Innovation has been in Clayco’s DNA since this general contractor was founded in 1984.

August 26, 2019 |
aec innovators, Clayco, drones, innovation, construction

Clayco’s innovation initiatives include launching an inspection service that uses drones. Photo courtesy Clayco


Clayco’s CEO and Chairman Bob Clark sees innovation as being at the center of what his firm does. It was one of the first GCs to use full-room computers, an IBM 3600 “that looked like a giant refrigerator,” he recalls. It was an early adopter of spreadsheet technology, using Prolog’s project management software. 

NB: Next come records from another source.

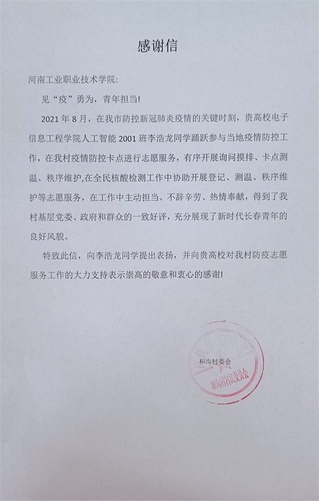 从防汛到防疫,哪里有需要,哪里就有河南工业职业技术学院青年学子的身影,在这场没有硝烟的阻击战中,他们用青春诠释战“疫”担当,构筑起一道道“青春防线”,彰显新时代青年的责任和担当。(魏豪 刘天恒)
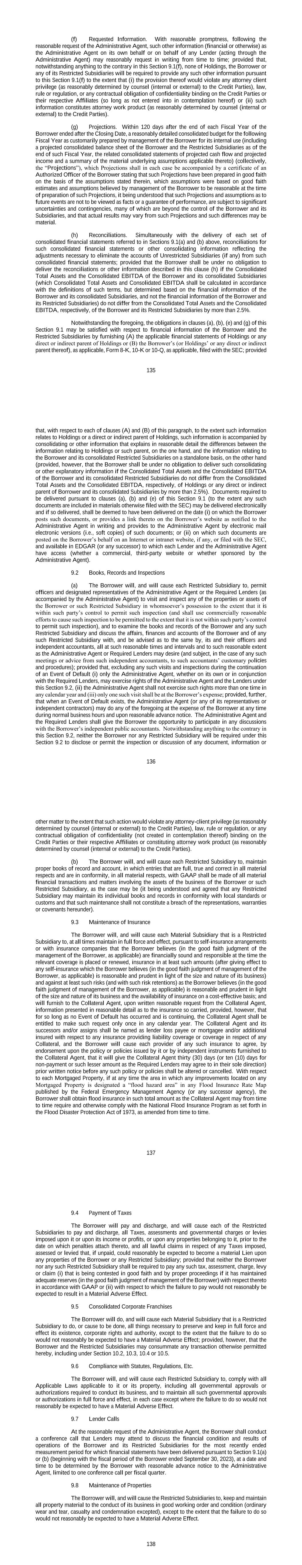 135 (f) Requested Information. With reasonable promptness, following the reasonable request of the Administrative Agent, such other information (financial or otherwise) as the Administrative Agent on its own behalf or on behalf of any Lender (acting through the Administrative Agent) may reasonably request in writing from time to time; provided that, notwithstanding anything to the contrary in this Section 9.1(f), none of Holdings, the Borrower or any of its Restricted Subsidiaries will be required to provide any such other information pursuant to this Section 9.1(f) to the extent that (i) the provision thereof would violate any attorney client privilege (as reasonably determined by counsel (internal or external) to the Credit Parties), law, rule or regulation, or any contractual obligation of confidentiality binding on the Credit Parties or their respective Affiliates (so long as not entered into in contemplation hereof) or (ii) such information constitutes attorney work product (as reasonably determined by counsel (internal or external) to the Credit Parties). (g) Projections. Within 120 days after the end of each Fiscal Year of the Borrower ended after the Closing Date, a reasonably detailed consolidated budget for the following Fiscal Year as customarily prepared by management of the Borrower for its internal use (including a projected consolidated balance sheet of the Borrower and the Restricted Subsidiaries as of the end of such Fiscal Year, the related consolidated statements of projected cash flow and projected income and a summary of the material underlying assumptions applicable thereto) (collectively, the “Projections”), which Projections shall in each case be accompanied by a certificate of an Authorized Officer of the Borrower stating that such Projections have been prepared in good faith on the basis of the assumptions stated therein, which assumptions were based on good faith estimates and assumptions believed by management of the Borrower to be reasonable at the time of preparation of such Projections, it being understood that such Projections and assumptions as to future events are not to be viewed as facts or a guarantee of performance, are subject to significant uncertainties and contingencies, many of which are beyond the control of the Borrower and its Subsidiaries, and that actual results may vary from such Projections and such differences may be material. (h) Reconciliations. Simultaneously with the delivery of each set of consolidated financial statements referred to in Sections 9.1(a) and (b) above, reconciliations for such consolidated financial statements or other consolidating information reflecting the adjustments necessary to eliminate the accounts of Unrestricted Subsidiaries (if any) from such consolidated financial statements; provided that the Borrower shall be under no obligation to deliver the reconciliations or other information described in this clause (h) if the Consolidated Total Assets and the Consolidated EBITDA of the Borrower and its consolidated Subsidiaries (which Consolidated Total Assets and Consolidated EBITDA shall be calculated in accordance with the definitions of such terms, but determined based on the financial information of the Borrower and its consolidated Subsidiaries, and not the financial information of the Borrower and its Restricted Subsidiaries) do not differ from the Consolidated Total Assets and the Consolidated EBITDA, respectively, of the Borrower and its Restricted Subsidiaries by more than 2.5%. Notwithstanding the foregoing, the obligations in clauses (a), (b), (e) and (g) of this Section 9.1 may be satisfied with respect to financial information of the Borrower and the Restricted Subsidiaries by furnishing (A) the applicable financial statements of Holdings or any direct or indirect parent of Holdings or (B) the Borrower’s (or Holdings’ or any direct or indirect parent thereof), as applicable, Form 8-K, 10-K or 10-Q, as applicable, filed with the SEC; provided 136 that, with respect to each of clauses (A) and (B) of this paragraph, to the extent such information relates to Holdings or a direct or indirect parent of Holdings, such information is accompanied by consolidating or other information that explains in reasonable detail the differences between the information relating to Holdings or such parent, on the one hand, and the information relating to the Borrower and its consolidated Restricted Subsidiaries on a standalone basis, on the other hand (provided, however, that the Borrower shall be under no obligation to deliver such consolidating or other explanatory information if the Consolidated Total Assets and the Consolidated EBITDA of the Borrower and its consolidated Restricted Subsidiaries do not differ from the Consolidated Total Assets and the Consolidated EBITDA, respectively, of Holdings or any direct or indirect parent of Borrower and its consolidated Subsidiaries by more than 2.5%). Documents required to be delivered pursuant to clauses (a), (b) and (e) of this Section 9.1 (to the extent any such documents are included in materials otherwise filed with the SEC) may be delivered electronically and if so delivered, shall be deemed to have been delivered on the date (i) on which the Borrower posts such documents, or provides a link thereto on the Borrower’s website as notified to the Administrative Agent in writing and provides to the Administrative Agent by electronic mail electronic versions (i.e., soft copies) of such documents; or (ii) on which such documents are posted on the Borrower’s behalf on an Internet or intranet website, if any, or filed with the SEC, and available in EDGAR (or any successor) to which each Lender and the Administrative Agent have access (whether a commercial, third-party website or whether sponsored by the Administrative Agent). 9.2 Books, Records and Inspections (a) The Borrower will, and will cause each Restricted Subsidiary to, permit officers and designated represe
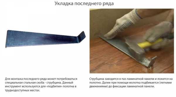 - Укладка последнего ряда. Для монтажа крайнего ряда потребуется металлическая струбцина. Ламинатная ламель заводится в “паз” уложенного ряда и ложится на пол. Далее берется струбцина и изогнутым концом устанавливается в “паз” только что уложенной панели. После ударами киянки по струбцине полотно фиксируется до нужного положения.
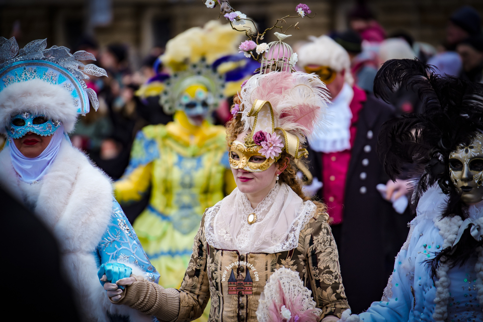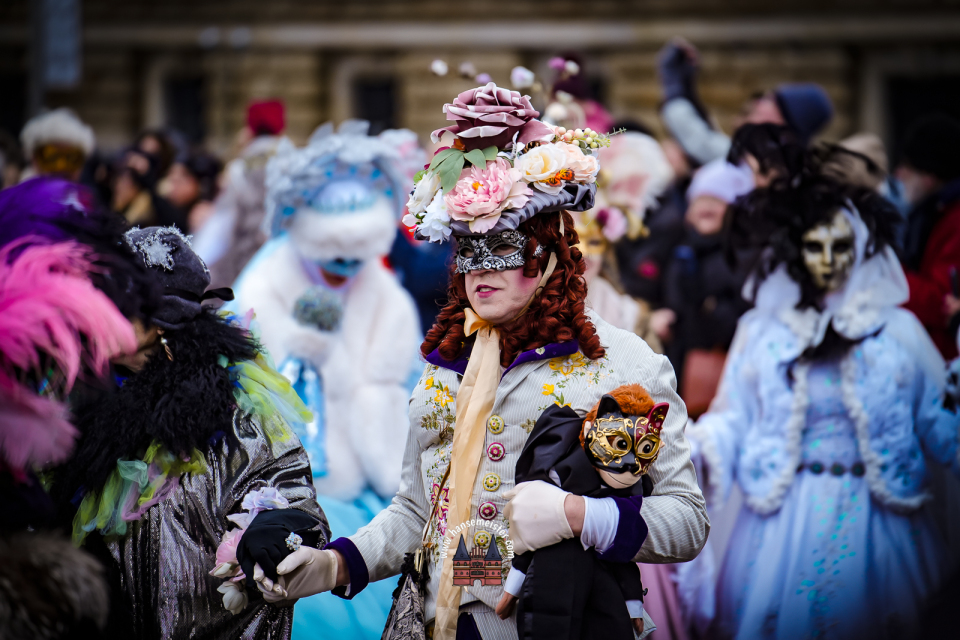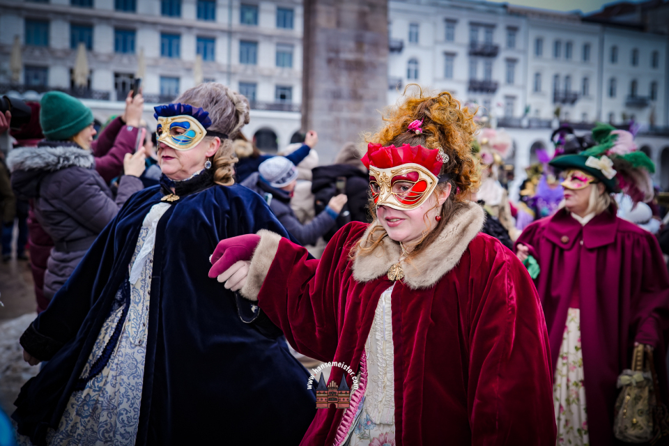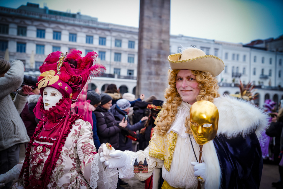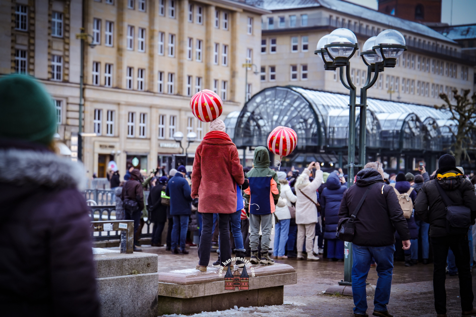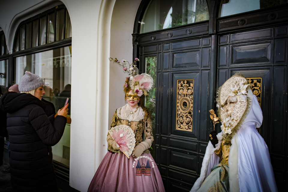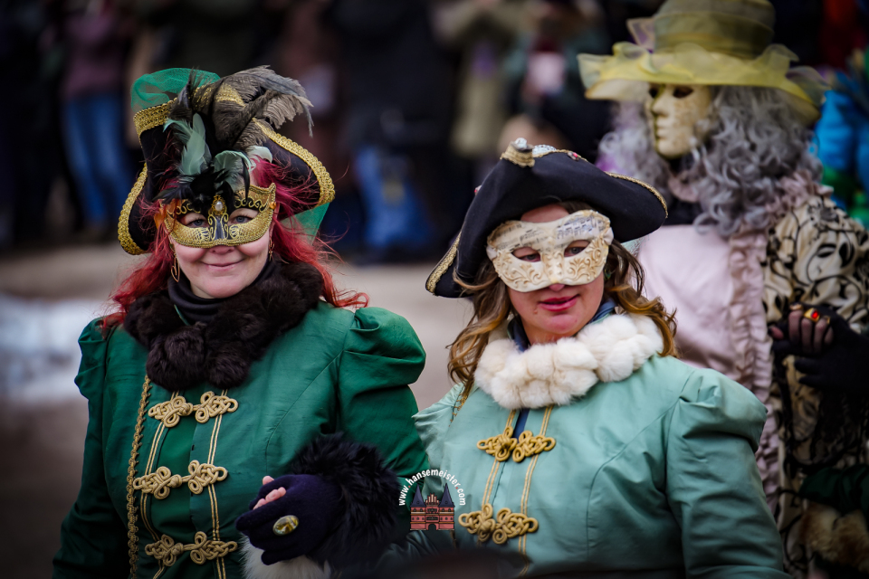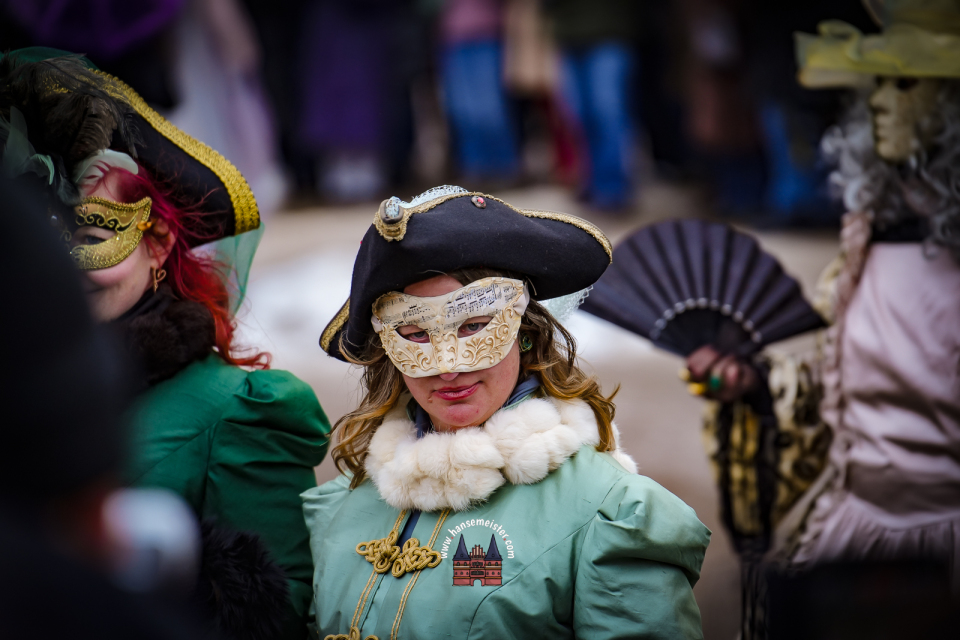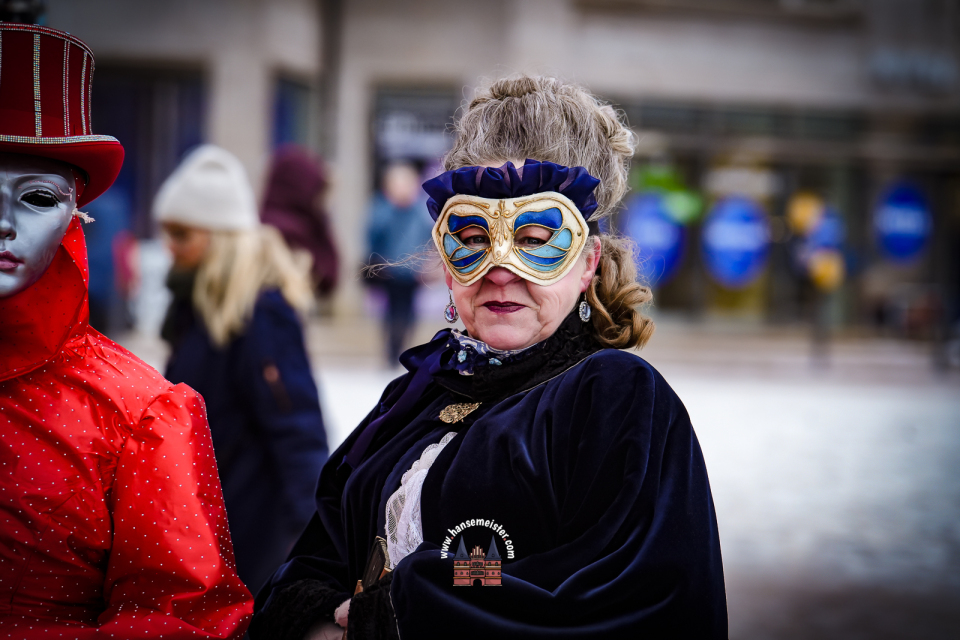 Bereits am späten Vormittag flanierten die prachtvoll gekleideten Damen und Herren durch die Colonnaden. Mit aufwendig gestalteten Masken, historischen Gewändern und detailreichen Accessoires entführten sie das Publikum optisch direkt nach Venedig. Die winterliche Kulisse Hamburgs verlieh dem Spektakel dabei einen ganz eigenen, besonderen Charme.

In 2005, it started a full-service concrete subcontracting business that now has 1,000 employees and produces four million sf of concrete walls per year. Clayco was the first construction company to receive an FAA license to fly small unmanned aerial vehicles. In 2015, it launched Uplift Data Partners, a turnkey construction and real estate inspection service that uses drones. (It sold that business to PrecisionHawk.)

Clayco’s interest in drones led it to start Treehouse Adventures, a venture-capital entity that focuses on construction. Its investments include Ventana, a high-performance curtain wall fabricator and installer; and Drawn, a design group.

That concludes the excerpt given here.